ABOUT THIS TASK – Below is a listing; retype exactly the line with "进入【视频管理】—>【设备回放】,选择摄像头,选择时间段,即可查看" and every line after it through the end, and only those, leaving out the pictures.

GIVEN MATERIAL –
═══

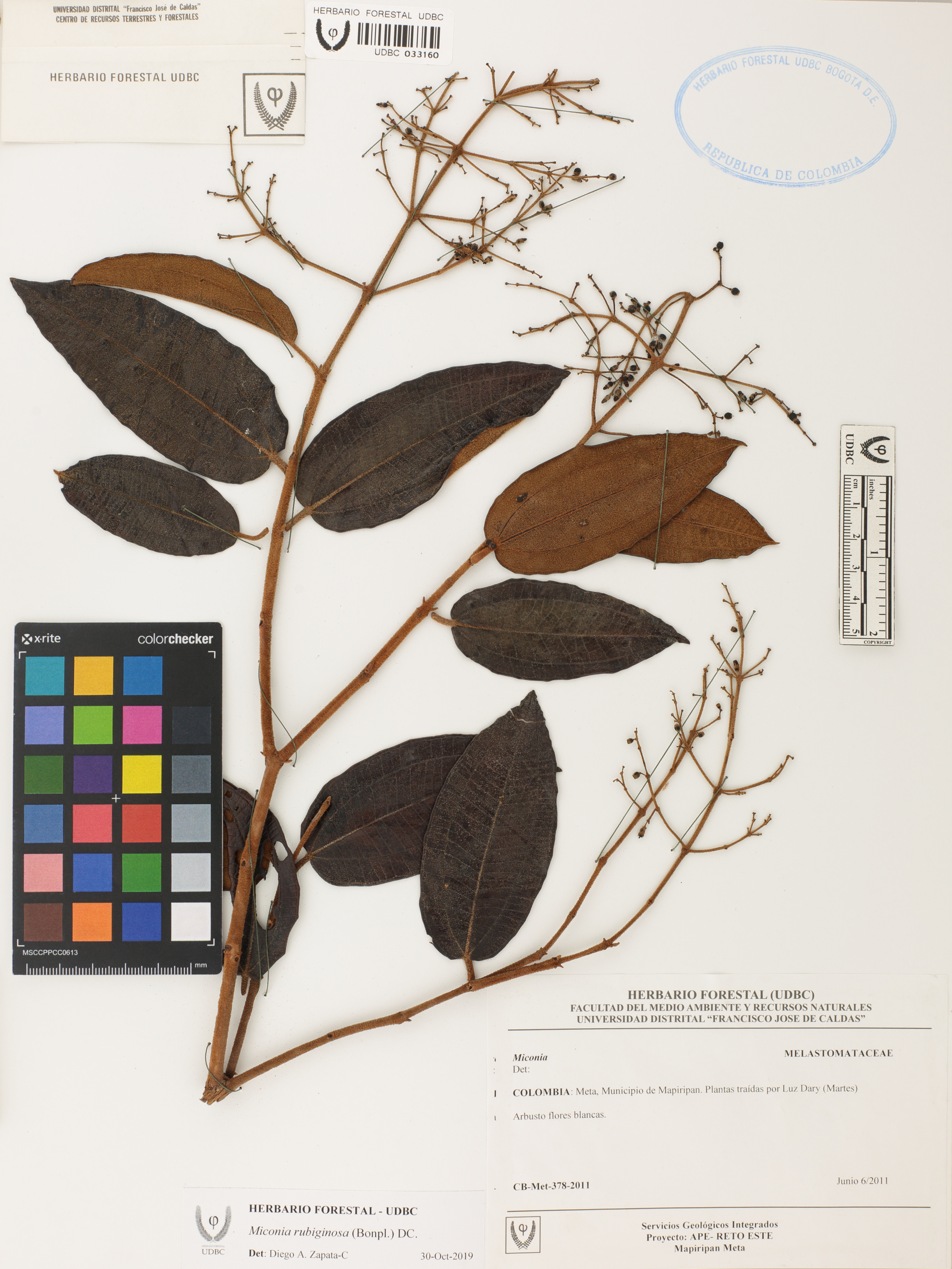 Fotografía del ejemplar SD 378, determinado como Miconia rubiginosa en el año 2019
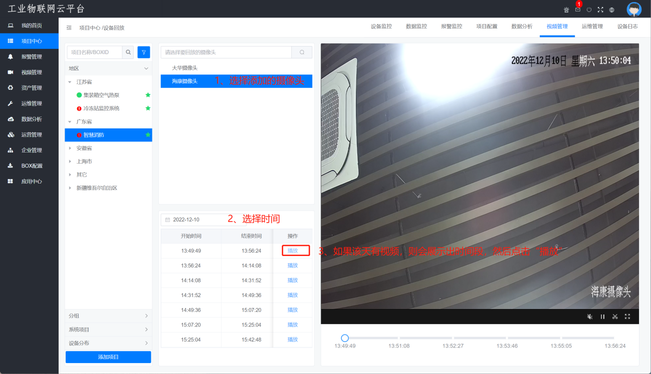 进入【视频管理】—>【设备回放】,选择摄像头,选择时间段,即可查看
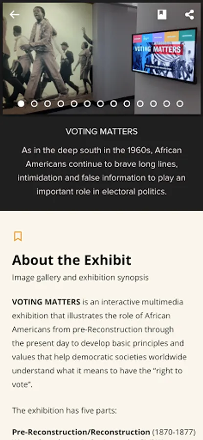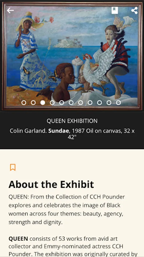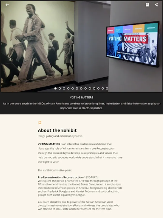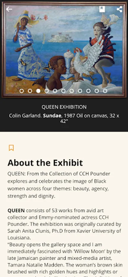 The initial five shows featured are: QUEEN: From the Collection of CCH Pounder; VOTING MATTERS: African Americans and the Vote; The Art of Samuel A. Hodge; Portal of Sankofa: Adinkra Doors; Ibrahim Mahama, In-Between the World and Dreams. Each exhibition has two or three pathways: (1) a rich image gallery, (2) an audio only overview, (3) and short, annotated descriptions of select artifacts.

═══

TASK OUTPUT –
 进入【视频管理】—>【设备回放】,选择摄像头,选择时间段,即可查看
 The initial five shows featured are: QUEEN: From the Collection of CCH Pounder; VOTING MATTERS: African Americans and the Vote; The Art of Samuel A. Hodge; Portal of Sankofa: Adinkra Doors; Ibrahim Mahama, In-Between the World and Dreams. Each exhibition has two or three pathways: (1) a rich image gallery, (2) an audio only overview, (3) and short, annotated descriptions of select artifacts.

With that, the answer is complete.